◆ Exercise brief ◆
Each line below must be transcribed exactly, and no picture may appear in the transcription.

◆ Data shown ◆
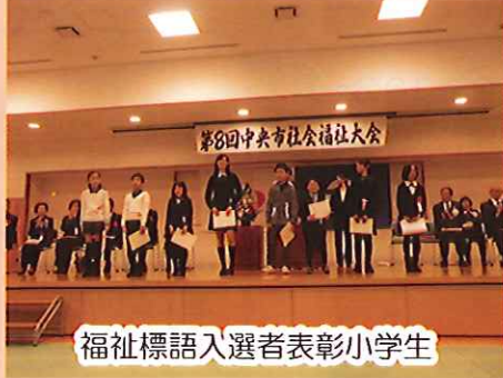
福祉標語入選者表彰小学生
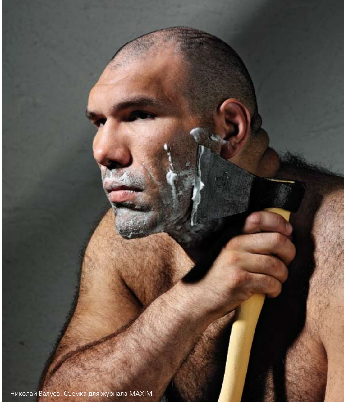
Николай Валуев. Съемка для журнала MAXIM
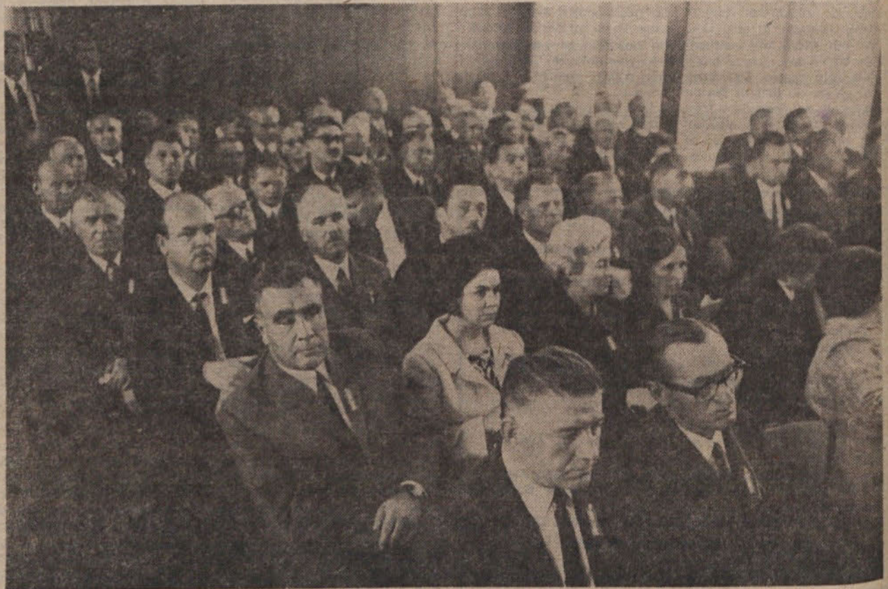
Delegati na kongresu Zveze združenj borcev Jugoslavije v Ohridu

◆ Exercise output ◆
福祉標語入選者表彰小学生
Николай Валуев. Съемка для журнала MAXIM
Delegati na kongresu Zveze združenj borcev Jugoslavije v Ohridu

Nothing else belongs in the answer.